** Records supplied follows **

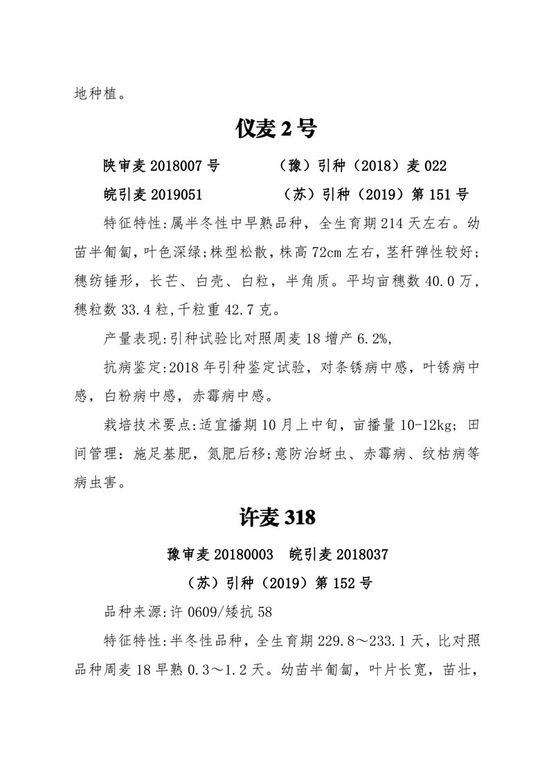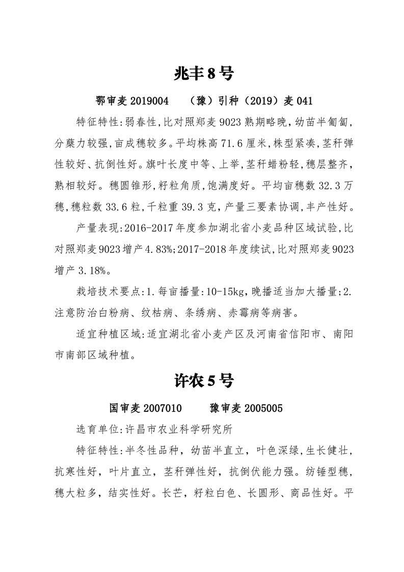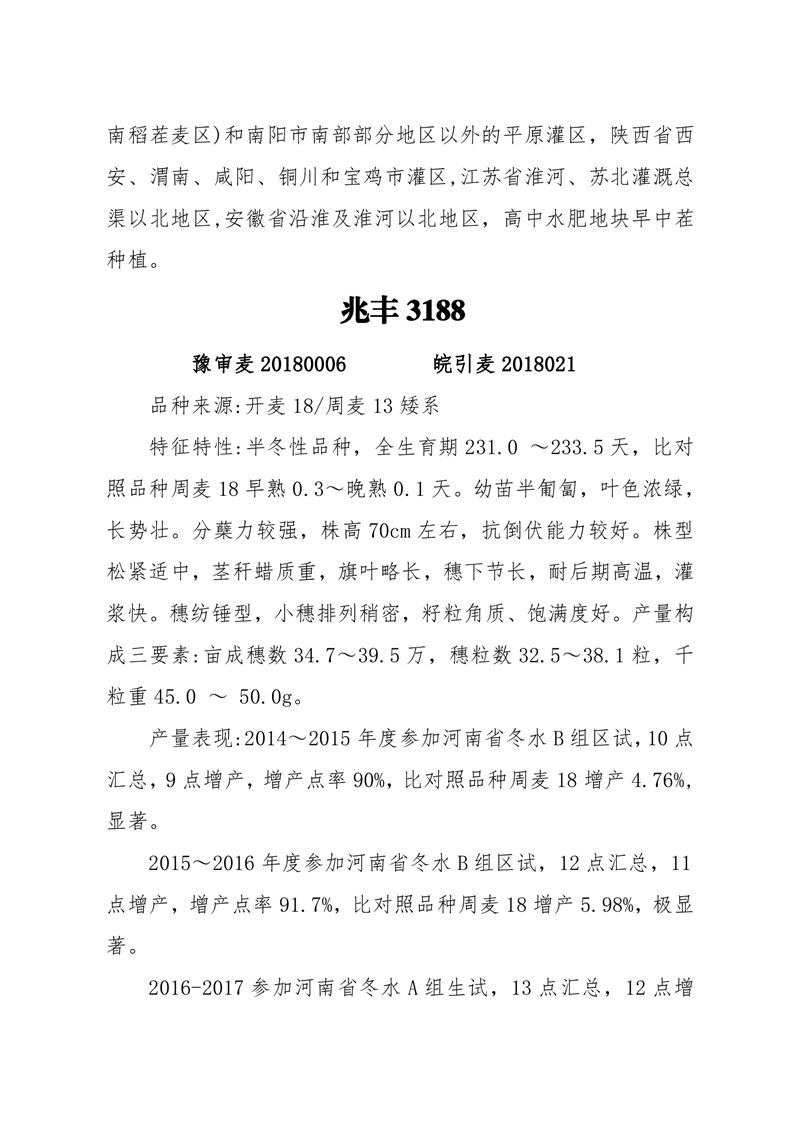 2021年河南省兆豐種業(yè)公司小麥可供品種
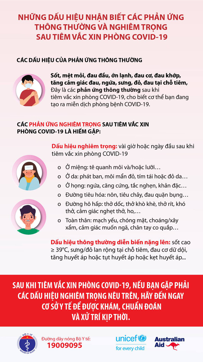 Việc nhận biết phản ứng thông thường và nghiêm trọng sau tiêm phòng vắc-xin Covid-19 được Bộ Y tế và Tổ chức Y tế Thế giới WHO đưa ra trong infographic dưới đây.
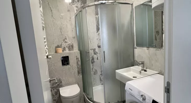 Poseduje dve spavaće sobe, dnevni boravak, izdvojenu kuhinju i trpezariju. Terasa sa pogledom na dvorište.
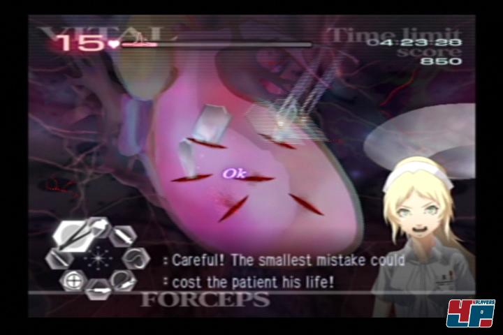 Und weiter geht’s im rasenden Neuerungs-Karussell: Drehte sich das DS-Vorbild ausschließlich um den schneidigen Jungarzt Derek »DS« Stiles, drängt hier im späteren Spielverlauf eine weitere spielbare Figur ins Geschehen, die nicht nur für ein zusätzliches Kapitel, sondern auch für ein alternatives Ende sorgt. Und es gibt jetzt mehrere Schwierigkeitsgrade zur Auswahl, die aber nichts an der steilen Lernkurve ändern: Nach ein paar Probe-OPs, bei denen euch noch die streng guckende Oberschwester auf die Finger schaut und gegebenenfalls auf selbige klopft, steht ihr ganz allein dem Tumor Auge in Auge gegenüber: Wer da nicht beherzigt, dass man vor dem Aufschnippeln besser desinfizieren sollte, oder nach dem Herumlasern das herumblubbernde Blut nicht per Drainage aufsaugt, verliert schneller einen Patienten als Scrubs-Nervenbündel Doug Murphy – das Spiel hält euren Blutdruck mit einem strengen Zeitlimit und unerwarteten Komplikationen konstant oben. Und das solltet ihr mit euren Patienten auch machen, bevor ein durchgehendes Fiepen eure Chirurgenkarriere beendet.
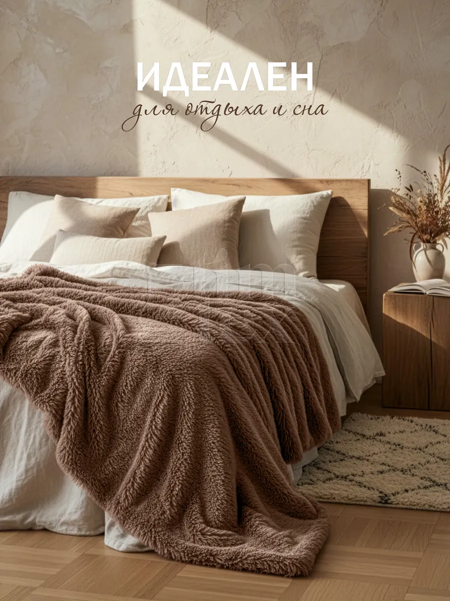 Плед TIM-TEX меховой 160х220 см для дома - это больше, чем просто покрывало на кровать или диван. Двусторонний пушистый плед из искусственного меха красиво дополняет интерьер, создавая атмосферу уюта в любом помещении. Будь то спальня, гостиная или детская комната. Особенно меховое покрывало на диван выручит холодными вечерами. Закутались в мягкий плед и забыли о холоде, а также обо всех проблемах. Ведь мягкий шерстяной плед на кровать моментально согревает, расслабляет и дарит уют. Плед травка с длинным пушистым ворсом (длина: 4 см, плотность: 540 гр/м²) очень мягкий и приятный к телу. Такие материалы, как флис и велюр, гипоаллергенные, поэтому плед можно использовать, как маленький детский плед для малыша. Дети оценят то, какой наш плюшевый плед для мальчика или девочки милый и нежный. Под пледом очень приятно спать. Но его удобно использовать не только как одеяло, но и как покрывало для кровати, декоративную накидку на диван, в том числе угловой, или кресло. При этом наши пледы евро совсем некапризные в уходе.

** End of Records supplied **

Instructions to follow - Would you output only the span of the records above that opens with the line containing "Việc nhận biết" and closes with the line containing "Poseduje dve spavaće", ends included and pictures dropped?

Exercise solution -
 Việc nhận biết phản ứng thông thường và nghiêm trọng sau tiêm phòng vắc-xin Covid-19 được Bộ Y tế và Tổ chức Y tế Thế giới WHO đưa ra trong infographic dưới đây.
 Poseduje dve spavaće sobe, dnevni boravak, izdvojenu kuhinju i trpezariju. Terasa sa pogledom na dvorište.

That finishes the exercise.